Why the rich get richer

   < < Go Back

by Amanda Marcotte,

from USAToday,

Washington should stop subsidizing the wealth of the 1% and invest in a living wage.

If you open your paycheck — or, in our modern era, check your deposit statement online — and feel a crushing sense that it’s just not as big as it should be, odds are you’re not an egotist or delusional. Working Americans increasingly just don’t make enough to pay the bills, in no small part because the wealthy people we work for would rather just keep that money for themselves rather than share it with the people who earned it for them. It’s a sad state of affairs that is becoming economically untenable for this country.

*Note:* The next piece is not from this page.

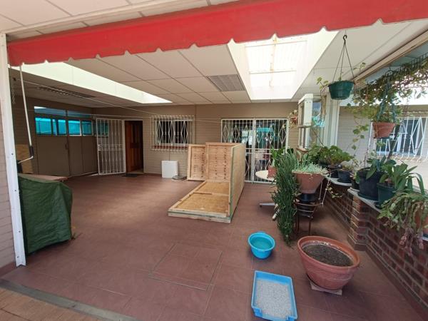 Spacious 4-bedroom family home in Welkom featuring 2 lovely bathrooms, a dining area overlooking a beautiful back garden, and a lounge with a built-in bar for entertaining. The kitchen boasts olive wood cupboards. The highlight of this property is its stunning garden, including a large vegetable garden.

A new paper out by economists Emmanuel Saez and Gabriel Zucman shows that the bottom 90% of Americans owns less than a quarter of the country’s wealth, down to 23% from a high of 36% in the mid-80s. This is the lowest amount of the country’s wealth controlled by the middle and working classes since 1940. Back then, New Deal-era economic policies were allowing working people to keep an increasing amount of the wealth they created, but since the mid-80s, there’s been a dramatic downturn, as the top 10% hoard most of the wealth while the rest of us watch our savings accounts dwindle. Really, it’s more like the top 1%, as the Occupy Wall Street protesters would say, who own almost 40% of the country’s wealth. One-tenth of 1% of Americans — about 16,000 families — owns over 11% of our country’s wealth, which is more than the bottom two-thirds of us combined.

A lot of the reason for this growing gap in wealth between the rich and the rest of us is due to income inequality. “The bottom 60% of Americans have experienced a lost decade of either stagnant or falling wages since 2000 despite increasing their productivity 25% over the same period,” Bryce Covert at ThinkProgress writes.